One of the best systems for control of late blight relies on a staggered planting, which leaves periodic, open roads to accommodate a ground rig sprayer. The ground rig used is a specialized boom sprayer which delivers an air blast behind each nozzle (e.g. Willmar Air Trak, RoGator 854 Airtec, Spray-Air). The unit selected should have the capacity to deliver at least 20 to 30 gallons of liquid per acre. These are superior field and vegetable crop sprayers which ensure quality coverage and are analogous to the air displacement sprayers providing excellent coverage in orchards and vineyards.
This air-blast ground rig must be your foundation sprayer with alternative purpose (such as foliar nutrition), and/or quick emergency applications supplemented by fixed-wing aircraft or helicopters. We cannot expect miraculous feats from the arsenal of superior fungicides if we do not get the coverage necessary.
Another tool that has added dimension to spray coverage are the silicone-based surfactants (SBS). We have tested a few of these products against some of the more popular nonionic surfactants. We used polished glass underlain with a grid and at a set droplet volume, temperature and time period, and observed the area of effective spreading.

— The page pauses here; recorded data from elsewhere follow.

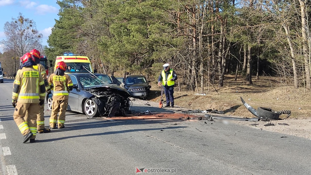 Z policyjnych ustaleń wynika, że do BMW i Jeep zderzyły się czołowo, a do wypadku doprowadził 28-latek kierujący niemieckim sedanem. Młody Ostrołęczanin nieprawidłowo wykonał manewr wyprzedzania dostawczego Lublina, którego kierujący skręcał z drogi głównej po posesję. Po zderzeniu Jeep wpadł do przydrożnego rowu.
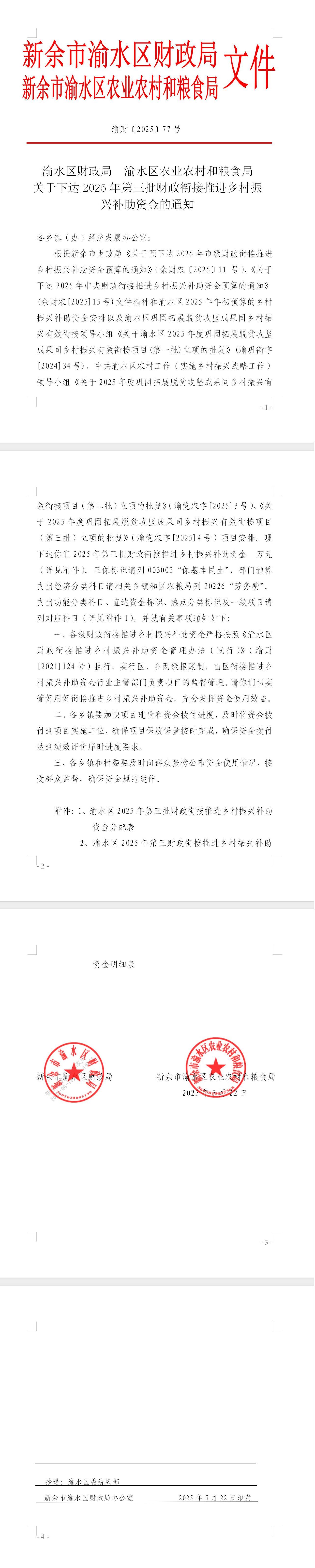 附件1:渝水區2025年第三批銜接推進鄉村振興補助資金分配表
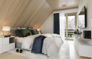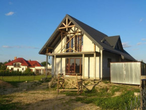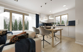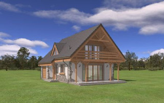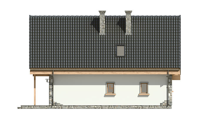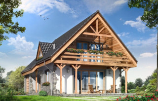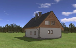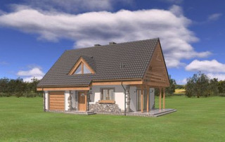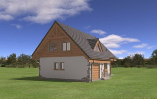 Projekt domu Wisełka to parterowy, jednorodzinny dom z poddaszem użytkowym, przekryty dwuspadowym, symetrycznym dachem. Projekt domu Wisełka zaprojektowano z myślą o 4- 5-osobowej rodzinie. Dom może służyć również jako letniskowy. Architektonicznie budynek nawiązuje do południowych rejonów Polski. Drewniane wykończenia szczytów domu Wisełka, słupy z zastrzałami, balkon, kamienne okładziny elewacji - wszystkie te elementy przywodzą na myśl podhalańskie wzory. Jednocześnie inspiracja jest na tyle delikatna, że domek nie będzie wyglądał dziwnie wybudowany na Mazurach, Śląsku, czy Mazowszu. Wnętrze domu Wisełka podzielono na część dzienną na parterze, oraz sypialnie na poddaszu. Na parterze zaprojektowano salon połączony z otwartą kuchnią i holem, oraz pięknym szerokim przeszklonym wyjściem na częściowo zadaszony taras i ogród. W centralnym miejscu umieszczono kominek i schody na górę. Dodatkowo na parterze przewidziano garaż i kotłownię. Na poddaszu znajdują się trzy sypialnie i łazienka. Pracownia posiada odbicie lustrzane projektu domu Wisełka, oraz wersję z dodatkowym pokojem zamiast garażu. Zapraszamy!

In many cases the SBS outperformed even the finest non-silicone materials by 500% (i.e. 5x more coverage). It is important, however, that you consult your PCA for specifics on rates, forms, and combined materials, as tissue phytotoxicity may be a concern.
Finally, you must get your fungicide sprays on early, ahead of the disease, and with a goal of prevention rather than clean-up. Consult your PCA and chemical representatives on defining the effective period of protection, as influenced by varying sets of climatic conditions. Then, develop a periodic, protective spray program for the growing season. In all cases, institute sound, resistance management schemes.